Reframing the Message” is an EU-supported training and communication project implemented by three organizations in three European countries. The participating organizations are Wilde Ganzen from the Netherlands, Divoké Husy from Czech Republic and CISU – Civil Society in Development from Denmark. The three organizations’ joint application was approved by the EU in the autumn of 2012.

The project aims to strengthen the communication on development for the civil society organizations of these three countries so it reflects the structural causes of poverty in a balanced manner. The object is to produce reliable and respectful communication that will affect the citizen’s commitment to development cooperation.

“Reframing the Message” serves as best practice example on how to work ‘hands on’ with civil society organizations and their communication. It is a practical take on the various initiatives such as DEEEP4 that aims to challenge and change the existing paradigm on development.
During the two-years-project period we have found great inspiration from DARE Forum’s DEEEP project.

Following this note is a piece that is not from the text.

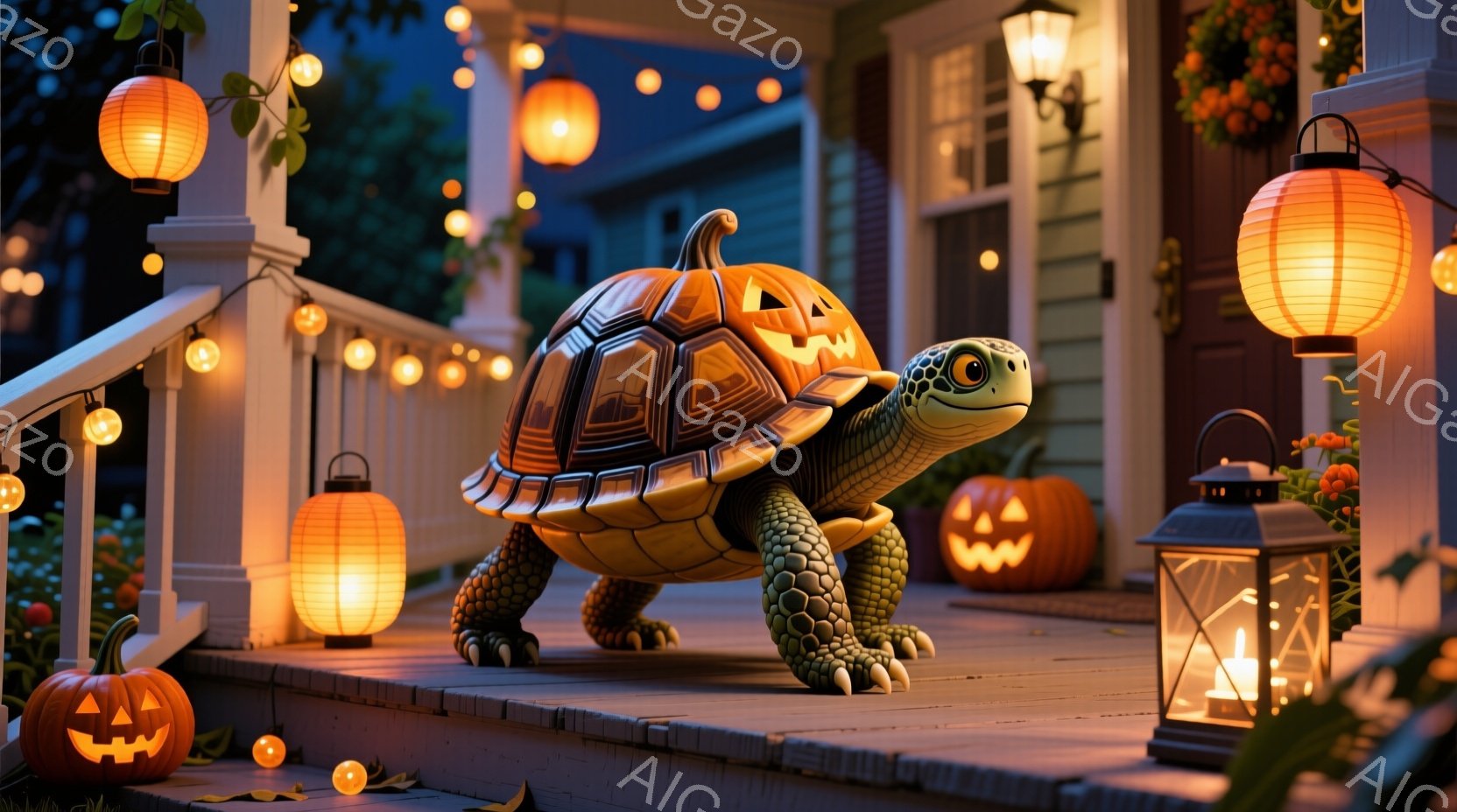ハロウィーンの装飾が施された家の玄関ポーチに、カボチャの殻を背負った可愛らしいカメが立っています。カメは前足を前に出し、少し上目遣いで何かを見ているような表情をしています。背景には、オレンジ色のランタンやカボチャが飾られ、暖かい光がポーチ全体を照らし、お祝いムードを演出しています。

What paradigm was challenged? The old aid and charity paradigm which reproduces an unequal balance of power with a strong giver to a grateful receiver: the main storyline is roughly that the developing countries and their populations are perceived as poor dependent wretches with no ability to change their own way of life.

What new paradigm was developed? While civil society organisations have, through “Reframing the Message”, rejected the old paradigm, defining a new paradigm has proved more difficult.
However, a new European focus on the Global South as strong and independent communicators and storytellers has arisen. Organisations have started to listen to these voices and a new paradigm could potentially emerge from a global dialogue between citizens.

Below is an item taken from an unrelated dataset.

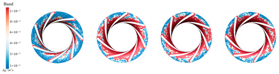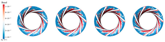 Figure 17 presents the sediment erosion distribution on the runner lower band under different aeration concentrations, IAVF. Without aeration, IAVF = 0%, sediment erosion is relatively uniformly distributed on the lower band surface, exhibiting a random pattern. As the aeration concentration increases, IAVF = 2%, 4%, 6%, erosion gradually concentrates in specific flow passages, and the erosion intensity increases. The trend shown in Figure 17 is consistent with the previously analyzed changes in sediment deposition in the lower shroud; that is, as the IAVF increases, the sediment deposition in the lower shroud also increases, leading to an intensification of local wear.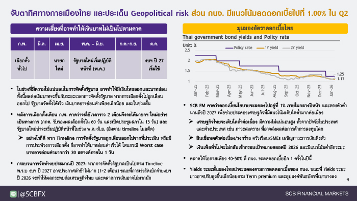 นายวชิรวัฒน์ บานชื่น นักกลยุทธ์ตลาดการเงินอาวุโส ธนาคารไทยพาณิชย์ จำกัด (มหาชน) เปิดเผยว่า ในช่วงที่มีความไม่แน่นอนในการจัดตั้งรัฐบาล อาจทำให้มีเงินไหลออกและบาทอ่อนค่าได้ในบางช่วง โดยผลต่อเงินบาทจะขึ้นอยู่กับระยะเวลาการจัดตั้งรัฐบาล หากการเลือกตั้งไม่ถูกเลื่อนออกไป รัฐบาลจัดตั้งได้เร็ว เงินบาทอาจอ่อนค่าเพียงเล็กน้อยและในช่วงสั้น อย่างไรก็ดี หาก Timeline การจัดตั้งรัฐบาลถูกเลื่อนออกไปจากที่ประเมิน หรือมีการประท้วงการเลือกตั้ง ก็อาจทำให้บาทอ่อนค่าเร็วได้ โดยกรณี Worst case บาทอาจอ่อนค่ามากกว่า 30-40 สตางค์ภายใน 1 วันได้ สำหรับกระบวนการจัดทำงบประมาณปี 2027 นายวชิรวัฒน์ มองว่าหากการจัดตั้งรัฐบาลเป็นไปตาม Timeline พ.ร.บ. งบฯ ปี 2027 อาจประกาศล่าช้า 1-2 เดือน ขณะที่การเร่งรัดเบิกจ่ายงบฯ ปี 2026 จะทำให้ผลกระทบต่อเศรษฐกิจไทยและตลาดการเงินอาจไม่มากนัก อย่างไรก็ดี หากการจัดตั้งรัฐบาลมีความล่าช้า ส่งผลต่อการจัดทำงบฯ ปี 2027 ก็อาจส่งผลเสียต่อเศรษฐกิจไทยและค่าเงินในช่วงครึ่งปีหลังได้

What did we learn? Across three participating countries we learned that we can address change from a practical point of view and start bottom-up with each CSO and their communication.

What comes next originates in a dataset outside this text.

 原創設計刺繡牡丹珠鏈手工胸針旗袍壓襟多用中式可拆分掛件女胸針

What is the next step? As the project expires in spring 2015, next step is not discussing what should be “reframed” but instead uniting across organizations and countries to engage citizens in global matters – like DEEEP4 works to do.

An overall objective and two specific objectives were formulated for the project:

  • Overall objective: To change the attitude towards development cooperation among the general public through a large number of small and medium sized development organisations and groups that stress the progress made in reaching the MDGs, while depicting the need for structural change.
  • Specific objective 1: Build the capacity of these organisations in order for them to better communicate ‘Best News’ and take stronger action.
  • Specific objective 2: To achieve synergy between the three project partners through exchange of ideas, best practices and joint methodologies.

Components in the project

During the two-years-project period “Reframing the Message” offered the following activities for the participating organisations and to a larger audience:

  • A variety of different trainings, workshops and presentations. On communication strategy, storytelling, social media, smartphone as a monitoring tool, efficient websites and press work – capacity building was a key component in the project.
  • Developing an online communication toolkit in Dutch and English to be used by civil society organisations and their partners in the Global South.
  • A sub-granting pool where organisations were allocated 2,000 euro to test their new skills and approach to communication and fundraising.
  • A competition on communication products and plans in connection with a counselling program with professional communication advisors.
  • Stakeholder meetings every year in each of the three countries.
  • Raising public debate on the subject.
  • Establishing a national network for development education.
  • National actions for the “World’s Best News” campaign.

What went well

All in all the project was a success. Both in matter of project planning across three countries but certainly also in matter of participants, debate and a possible new discourse. This is what we would highlight:

  • Engaging a large number of active citizens from a variety of civil society organizations.
  • Finding a practical and ‘hands on’ approach to telling stories about developing countries.
  • The three project countries working closely with the civil society organizations and developing the project in relation to their context in order to create deeper impact.
  • Starting a buzz and maintaining the discussion on development education amongst practitioners in the three countries.
  • Establishing and using the synergy between three organisations in three countries connecting and challenging each other – also in connection with other international initiatives as DEEEP4 and The Smart CSOs Lab.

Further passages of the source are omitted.